2) It has a secondary hydroxyl group at C-6 instead of the tertiary hydroxyl group. Demeclocycline therefore dehydrates more slowly than tetracycline because the secondary cation intermediate formed from demeclocycline in the dehydration reaction is less stable (higher energy) than the tertiary cation intermediate (lower energy) formed from tetracycline.
3) Food and milk lower oral absorption by about 50%

Question 17

minocycline

Answer 17

1) Minocycline lacks a C-6 hydroxyl group and therefore does not undergo acid-catalyzed dehydration.
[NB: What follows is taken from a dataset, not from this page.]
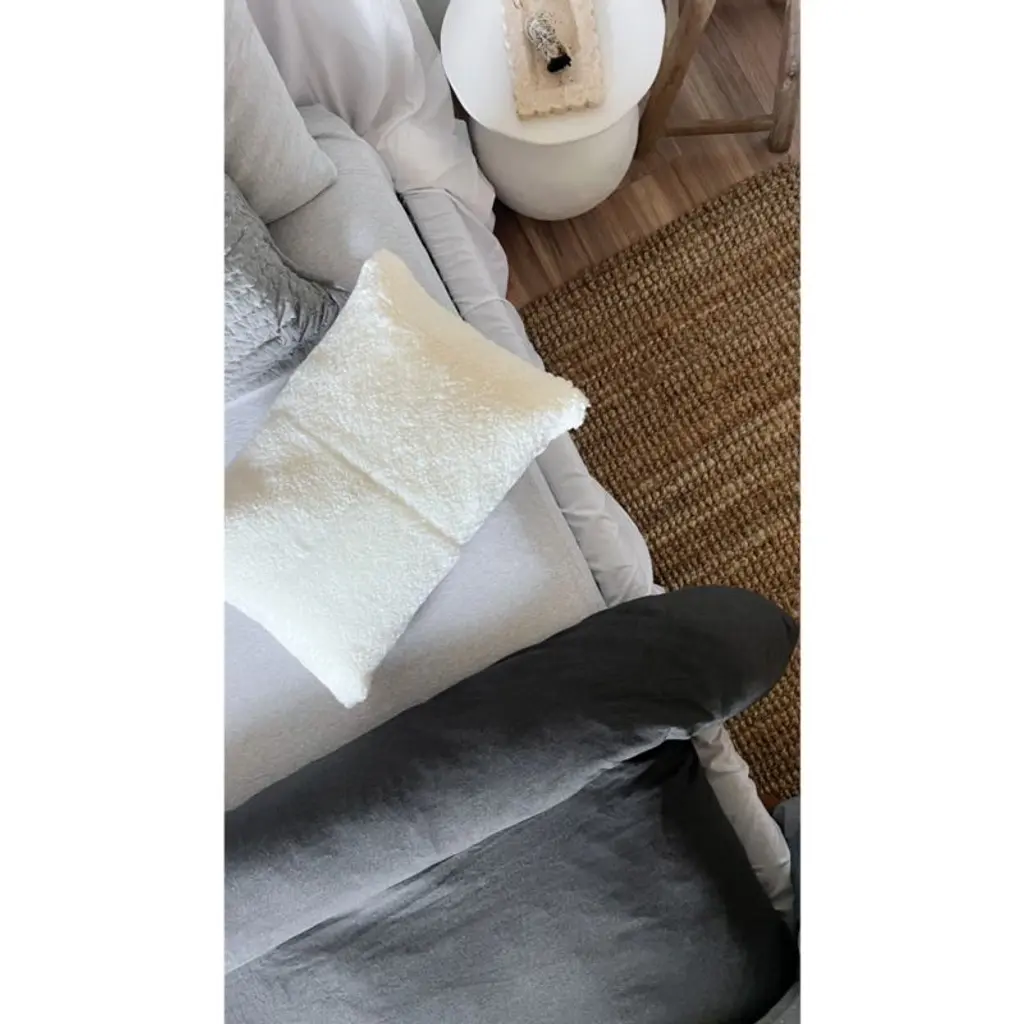 Totally luxe and irresistible to the touch, this pillow indulges in pure sheepskin. The cuddly ivory shearling layers softness and extravagance onto your sofa, armchair or bed-we especially love Malmo on a bed made up entirely in off-white. Backed in linen, our exclusive lumbar throw pillow includes your choice of a plush feather or lofty down-alternative insert.

It therefore has no potential for 4-epianhydrotetracycline-mediated toxicity.
2) It is synthesized from demeclocycline.
3) Minocycline has 90-100% oral bioavailability.
4) The absorption of minocycline is lowered by about 20% when taken with food or milk.
5) Minocycline has vestibular toxicities** (vertigo, ataxia, nausea) not shared with other tetracyclines.

Question 18

oxytetracycline

Answer 18

1) Oxytetracycline is produced by fermentation of Streptomyces rimosis.
2) It is the most hydrophilic tetracycline and has been largely replaced by its semisynthetic descendants.
3) It is available with polymyxin B as an opthalmic ointment.

Question 19

doxycycline

Answer 19

1) Doxycycline is synthesized from oxytetracycline.
2) It lacks a C-6 hydroxyl group and therefore does not undergo acid-catalyzed dehydration. It therefore has no potential for 4-epianhydrotetracycline-mediated toxicity.
3) Because it has no potential for 4-epianhydrotetracycline-mediated toxicity and produces fewer GI symptoms, it is considered to be the tetracycline of choice by many physicians.
4) It has 90-100% oral bioavailability.
5) The absorption of doxycycline is lowered by about 20% when taken with food or milk.
6) It has a half-life (18-22 hours) that permits once a day dosing.

Question 20

Tigecycline

Answer 20

Tigecycline. A glycylcycline antibiotic derivative of minocycline. Active against a variety of gram-positive and gram-negative bacteria. Parenteral, administered by slow IV infusion.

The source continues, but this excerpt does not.